In the present study, 4/4 (100%) of the B-mature ALL cases expressed ZAP-70. Similar results were reported by Admirand et al. (2004), Sup et al. (2004), Carreras et al. (2005) and Chiaretti et al. (2006) suggesting that this gene could play a role in the pathogenesis of this disease. In Chiaretti et al. (2006) study, 2/2 (100%) of B-mature ALL patients expressed ZAP-70. Crespo et al. (2006) reported 4/6 (66%) positivity among the Burkitt`s/ALL. Furthermore, the levels of ZAP-70 in these Burkitt`s/ALL cases were found in the higher range of the series. The expression of ZAP-70 found in Burkitt`s and in about 50% of CLL cases suggests that this gene is aberrantly expressed in mature B-cell derived neoplasms and that this gene could play a role in the pathogenesis of these diseases.
The patients received standard induction treatment. Comparing the treatment outcome of patients in respect to ZAP-70 expression, a significantly higher rate of adverse clinical outcome was found in ZAP-70 positive patients (p = 0.003). Among the negative group, (85.7%) achieved complete remission while (14.3%) had adverse clinical outcome (1 died, 2 resistant to induction). Among the ZAP-70 positive patients (36.84%) achieved complete remission while (63.32%) had adverse outcome (6 died, 6 resistant to induction). These data suggest that Zap-70 expression is associated with poorer outlook in B-cell-ALL patients. A statistically significant difference was noticed as regard the response to induction therapy among children (p = 0.011), while it did not differ among adults (p = 0.085).
This is in agreement with Chiaretti et al. (2006), who studied the mRNA expression of ZAP-70 and the clinical implication of its expression in both T and B-cells ALL and documented an association between higher expression of ZAP-70 with a shorter relapse free survival after achievement of complete remission, although they couldn`t identify a cut-off value with strong statistical significant difference due to limited number of cases evaluated. Crespo et al. (2006) stated that there is no correlation between ZAP-70 expression and the response to induction chemotherapy. This may be attributed to the exclusion of Burkitt`s/ALL cases from their analysis.

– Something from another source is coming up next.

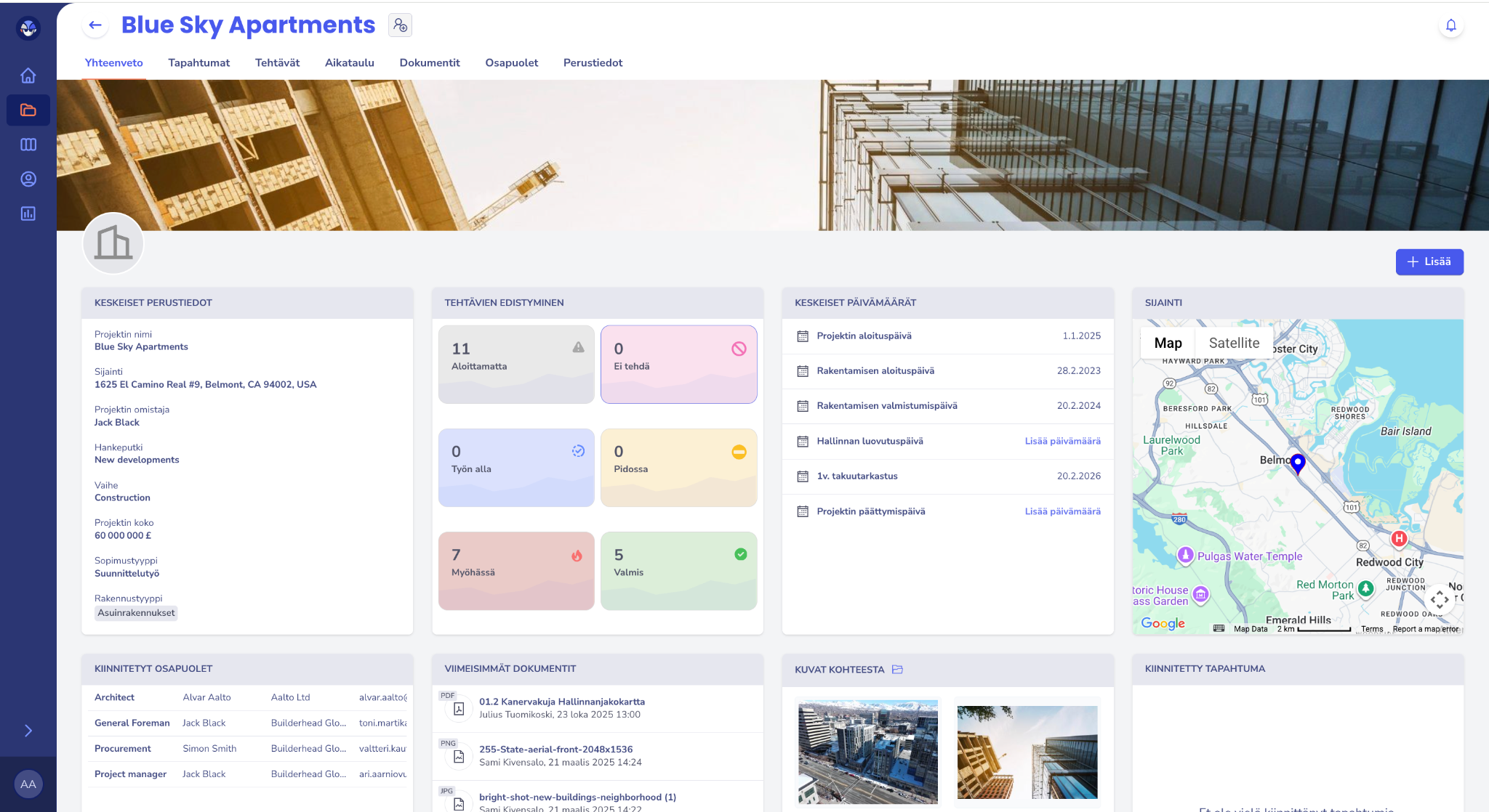 Kuvaosio esittää projektin ajantasaisia kuvia, jotka auttavat seuraamaan rakentamisen tai muun työn etenemistä visuaalisesti.

Present results provide preliminary indication on the potential use of this protein as a prognostic marker also in ALL. Evaluation of a larger number of patients is needed to further validate this finding.
The discovery of tyrosine kinases that can be used as therapeutic targets is raising great interest. Since the introduction of STI-571 (imatinib), the outcome of patients with chronic myeloid leukemia (CML) and, probably, also of those suffering from BCR/ABL+ ALL rearrangement, has improved (Rosti et al., 2004). These results clearly show that ZAP-70 may indeed be a therapeutic arget. ZAP-70 expression in a subset of patients with ALL opens the perspective of investigating the use of an inhibitor also in such cases.
CONCLUSION
In conclusion, results demonstrated that in B-lineage ALL, ZAP-70 expression increases along the maturation process of malignant B-cells and a high expression of ZAP-70 appears to correlate with an increased adverse response to chemotherapy especially in children. These results raise the possibility that ZAP-70 expression in B-cell ALL may have a prognostic value (being a bad prognostic marker), as well as being a candidate molecule for targeted therapies.